**Your task:** Reproduce the listing exactly, with no pictures in your copy.

**Collected material:**

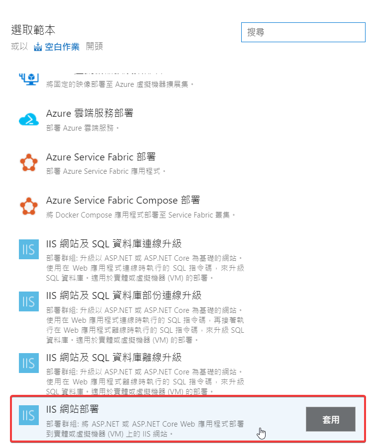 範本選擇「IIS 網站部署」,其他幾個選項都很相似,所以在部署上需要有相當的 IIS、Azure 管理經驗,才能夠將原本的部署作業方式轉換為 Infra As Code 的部署管線方式。
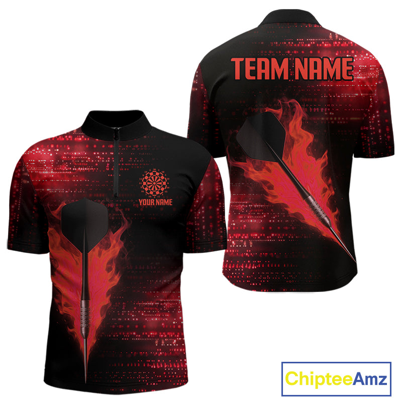 Men’s Custom Darts Shirt With Flaming Dart Arrow And Ruby Digital Matrix NYN0310
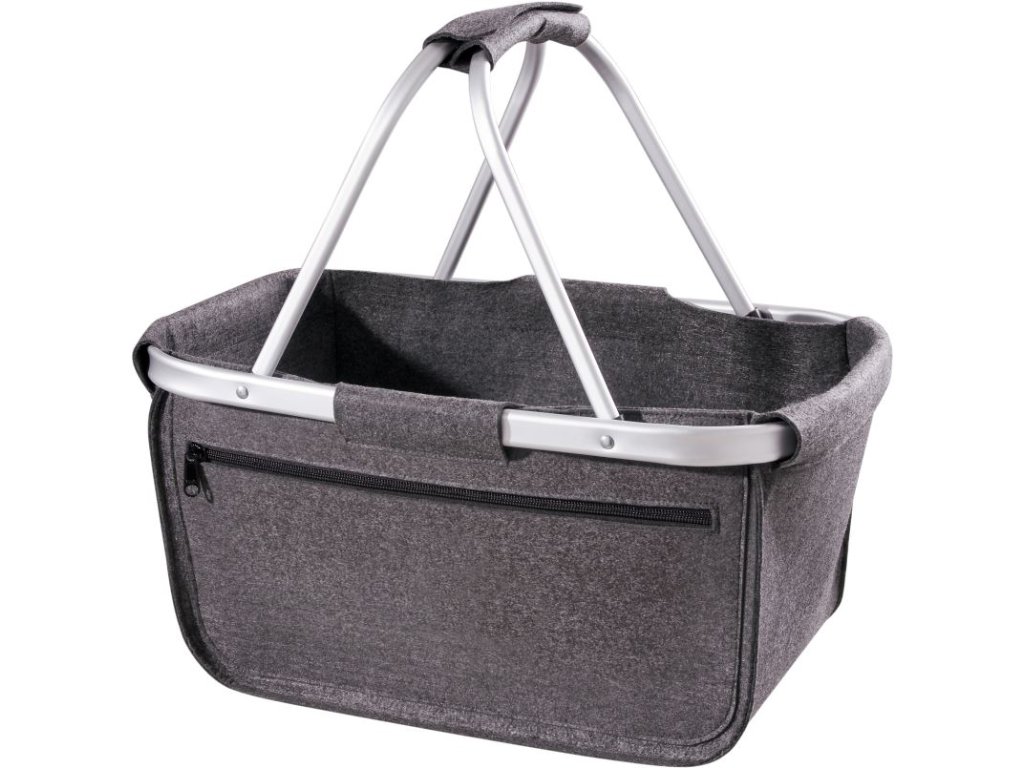 Plstěný nákupní košík s hliníkovým rámem a přední kapsou na zip.
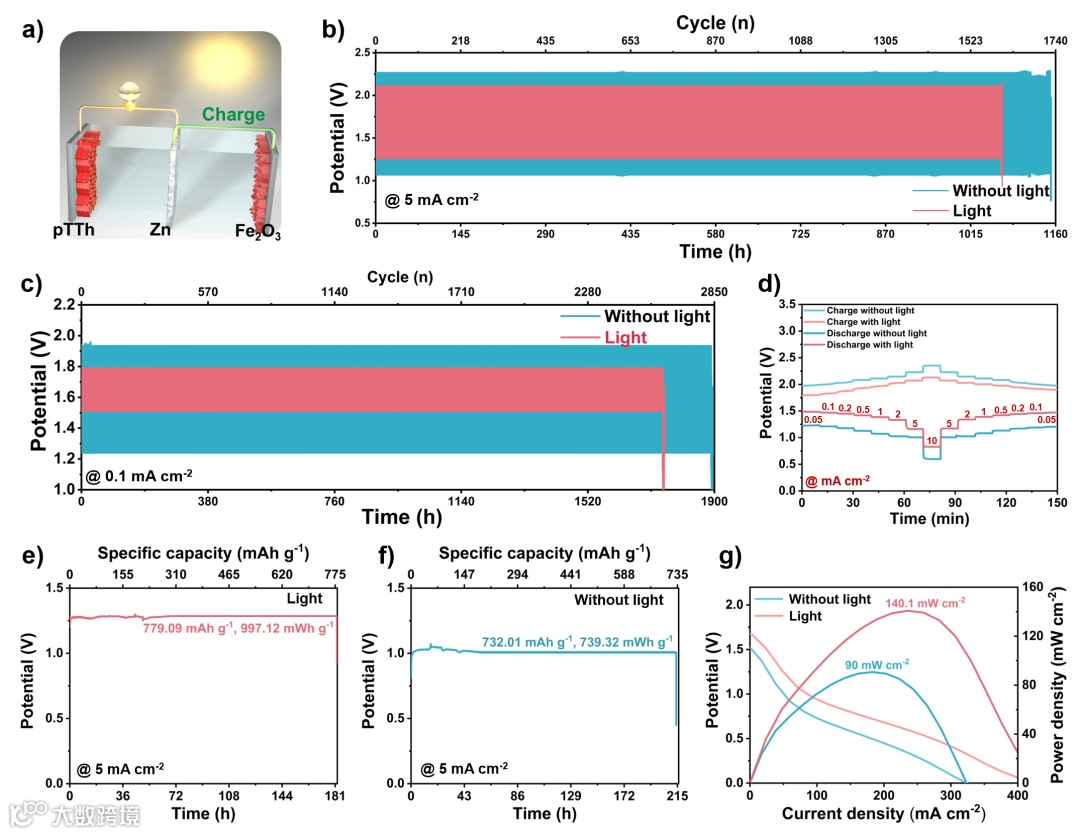 图5. (a)光辅助双阴极RZABs(pTTh|Zn||Fe2O3)的结构图;RZABs分别在(b)5和(c)0.1 mA cm−2下,有无光照的充放电循环曲线;(d) RZABs在0.05–10–0.05 mA cm−2的电流密度下,有无光照时的充放电曲线;RZABs在5mA cm-2下,(e)光照和(g)无光照的比容量和放电时间;有无光照时RZABs的放电极化和功率密度曲线。

**Solution to this task:**
 範本選擇「IIS 網站部署」,其他幾個選項都很相似,所以在部署上需要有相當的 IIS、Azure 管理經驗,才能夠將原本的部署作業方式轉換為 Infra As Code 的部署管線方式。
 Men’s Custom Darts Shirt With Flaming Dart Arrow And Ruby Digital Matrix NYN0310
 Plstěný nákupní košík s hliníkovým rámem a přední kapsou na zip.
 图5. (a)光辅助双阴极RZABs(pTTh|Zn||Fe2O3)的结构图;RZABs分别在(b)5和(c)0.1 mA cm−2下,有无光照的充放电循环曲线;(d) RZABs在0.05–10–0.05 mA cm−2的电流密度下,有无光照时的充放电曲线;RZABs在5mA cm-2下,(e)光照和(g)无光照的比容量和放电时间;有无光照时RZABs的放电极化和功率密度曲线。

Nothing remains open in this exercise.